Over 100 years ago Bertrand Russell attempted to write a treatise that placed all of mathematics - from set theory to arithmetic, to geometry to calculus - on a set of definitions and logical deductions. His goal was to have a system of logic that could be used to test any mathematical conjecture and rigorously prove whether the statement was true or false, given enough time.
Shortly afterwards Kurt Godel used Bertrand's own system to PROVE that either you CANNOT prove every mathematical statement true or false, or your math allows paradoxes like "This sentence is false". What's more the guy PROVED that you cannot come up with ANY mathematical system that avoids this dilemma. It's a mind-blowing example of creative thinking.

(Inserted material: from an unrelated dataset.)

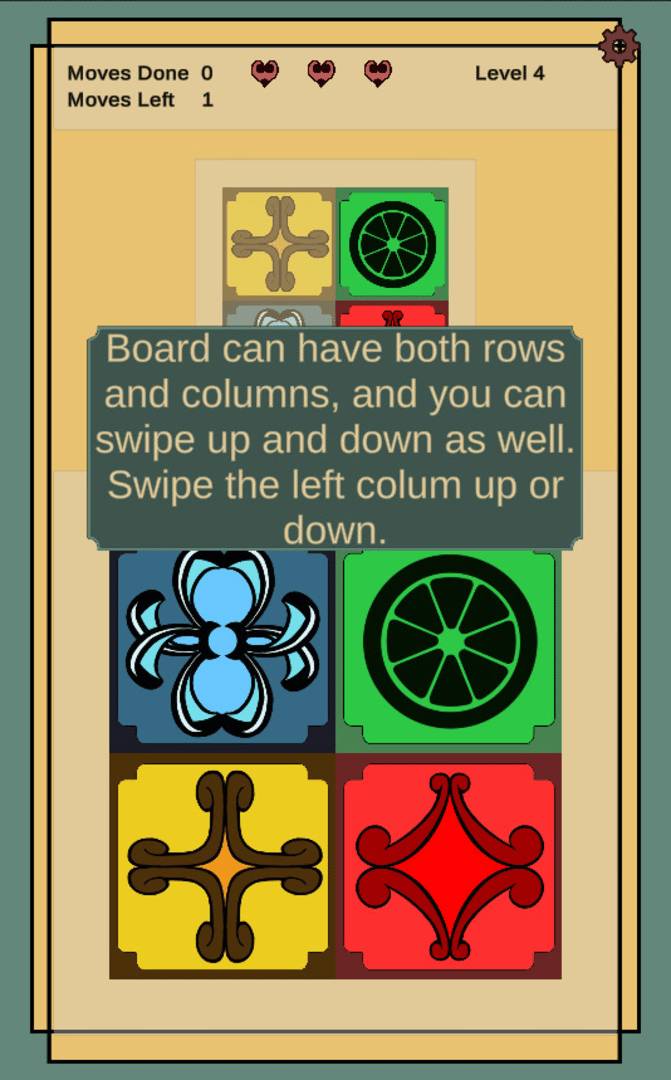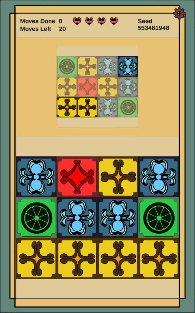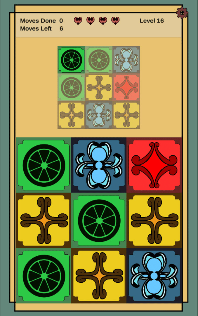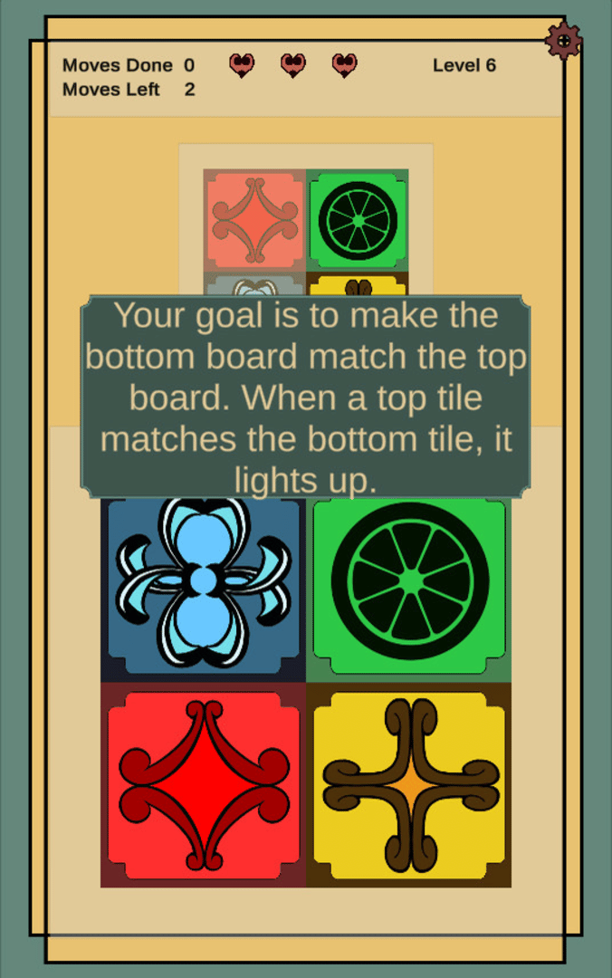 Quarres ("squares" in Middle French) is a 2D puzzle in which your goal is to match the tiles in your board with the pattern on a sample board.

30 years ago I read the book "Godel Escher Bach" by Douglas Hofstadter. This massive book spent hundreds of pages showing how Godel was able to prove this, while somehow being entertaining to read (well at least to me :-)).
By the way, this also has applications in computer science, with what is called a Turing Engine. In theory, any computer system, including Alphazero (See how I brought it back to chess there?) can be described in a Turing engine. The question with Turing engines are "Can you predict if a program will eventually halt, or run on forever, simply by reading the code?" Godel's theorem proves that programs exist that you can never prove will halt or not.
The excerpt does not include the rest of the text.